Revolutions often begin resembling Jell-O but end up with new structures as hard as concrete.
We are now seeing some firming of the new post-Mubarak political construct, and it is indeed worrying.
Quite worrying, especially when one considers that the Obama administration has moved for regime change in Libya without consolidating its success in Egypt.
What happens in Egypt will have serious implications for not only the Libyan situation but also the entire Arab world.
Also at stake is the fragile peace between Israel and Egypt, and a cold peace between Israel and other Arab states.
Last week, the military council now ruling Egypt announced that parliamentary elections would take place in September.
At first blush, this seems like good news. But a good friend of mine, Ahmed Said, a prominent Egyptian businessman with a strong pro-Western orientation, says the news of the election has dealt a serious blow to democratic secularists.
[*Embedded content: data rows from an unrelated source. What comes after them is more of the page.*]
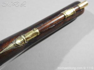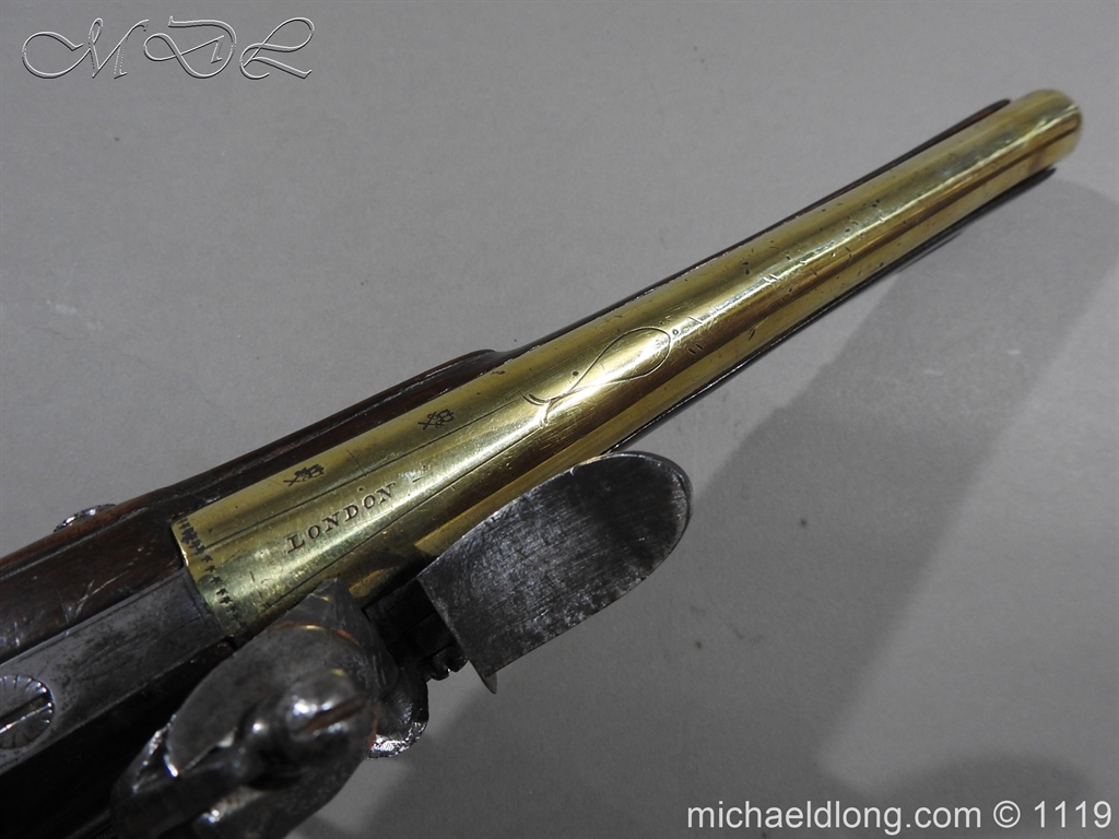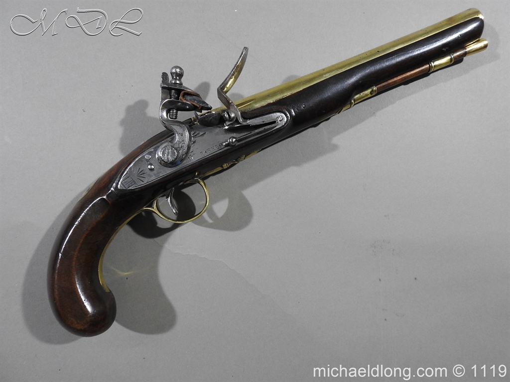 Flintlock Pistol by W Parker with polished steel side plate maker marked W Parker lock in full working order. Brass barrel marked London and with proof stamps matching brass ornate fittings and complete with wood ram rod with brass tip overall length 37cm barrel 24cm – Sorry UK Shipping only
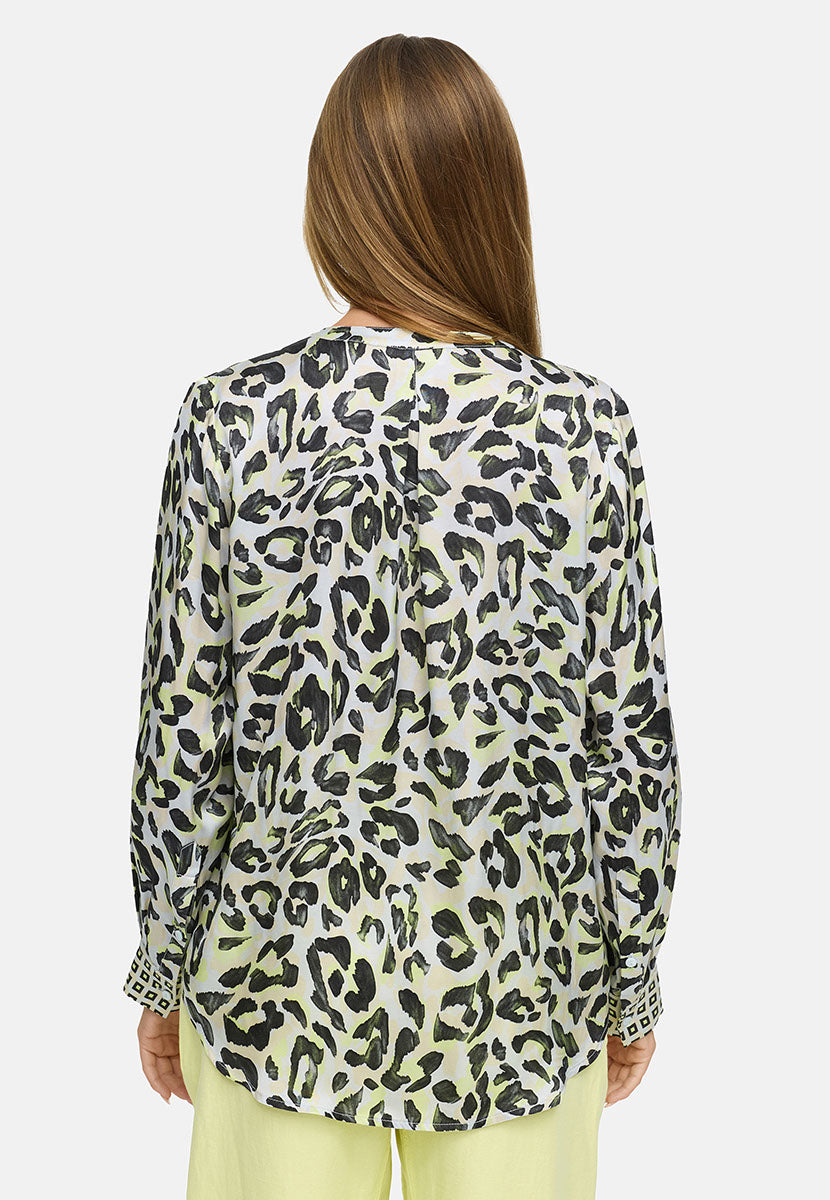 Leopard Print Satin Blouse - Yellow Leopard
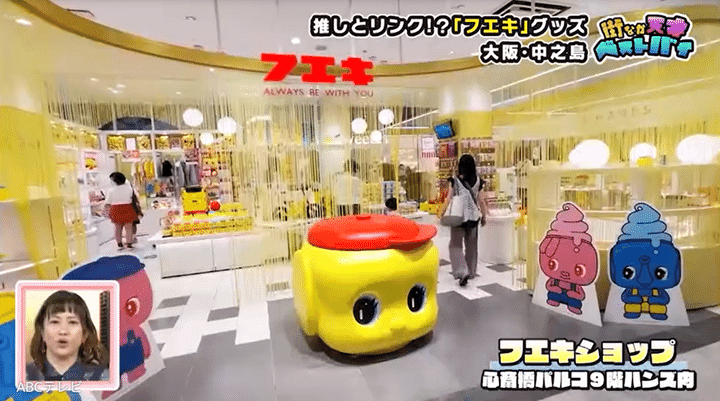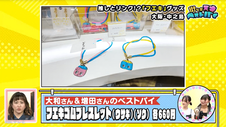 女性たちのベストバイは、大阪府八尾市に本社を構える文具メーカー・不易糊工業のキャラクター・フエキくんのブレスレット。心斎橋PARCO9階ハンズ内にある、日本唯一のアンテナショップ・フエキショップで販売しています。ブレスレットの色は、なんと彼女たちの推しのメンバーカラー! しかも、組み合わせは2種しかないため、この奇跡に女性たちは、「最高や~ん!」「これやば~い!」と大喜びしたそうです。

These secularists fear the Muslim Brotherhood, as most of us in the West do, and are witnessing its remarkable rise to power with the help of the military government in Cairo.
With no real structure of diverse political parties in Egypt, the military's election announcement will serve the purposes of the Brotherhood.
With just five months to prepare, nascent political parties no doubt will remain fragmented.
Meanwhile, the Muslim Brotherhood is well funded and well organized. Just eight years ago, despite Mubarak's rigging of the election, the Brotherhood put 88 members into the sham parliament.
Egypt, Ahmed reminds me, is a poor nation with a large population both rooted in rural and religious ways. Illiteracy rates exceed 40 percent.
We saw the implications of this in March, after the military junta rushed to hold a referendum on constitutional amendments, seemingly reformist, but opposed by the secularist democrats. The military and the Muslim Brotherhood backed the amendments.
The Brotherhood's slogan that voters would be obeying Allah if they voted yes, worked effectively. The amendments passed by an astounding 77 percent of the vote out of 18 million cast. (Interestingly, the military government didn't even bother to publish what exactly the amendments said before election day.)
My friend notes that there are other troubling signs that the military and the Muslim Brotherhood have made a corrupt bargain: The military will let the Brotherhood gain power as long as the military keeps its exalted position and, possibly, the presidency, which will be voted on in a plebiscite this fall.
Ahmed writes: "One of the major Egyptian newspapers, al Masry al Yom, announced that 3000 Muslim Brotherhood leaders from Iran, Afghanistan, Bosnia and Somalia have been allowed to return to Egypt! Of course it is the military apparatus that allowed them to come back. But, why now? This also coincided with releasing the Sadat assassins who came out from jail as heroes. They even encouraged the media to treat them as such. We [the secularists] see them as criminals and not as political prisoners."
Clearly, the West should be encouraging the Egyptian military to postpone elections.
Mohamed ElBaradei has called for this and urged the military to turn power over during a transition period to a presidential council composed of military, civilian, and judicial representatives.
Where is the Obama administration as Egypt's orbit moves away from the U.S. into the hands of radical Islamists?
Apparently focused on Libya and paying little attention.
Previously I had praised Obama's handling of the Egypt crisis. Siding with the pro-democracy forces there was morally right.
And I support Obama's support of opposition forces in Libya.
But such support must be predicated on a plan for the day after regime change, and how the United States can help foster democratic institutions and forces friendly to American interests.
Democrats like Barack Obama were quick to criticize President George Bush, and justifiably so, for not having such a plan for Iraq in the post-Saddam era.
Now, Obama is making the same mistake.
It's still early for Egypt, and it has not been lost yet. But we must act soon.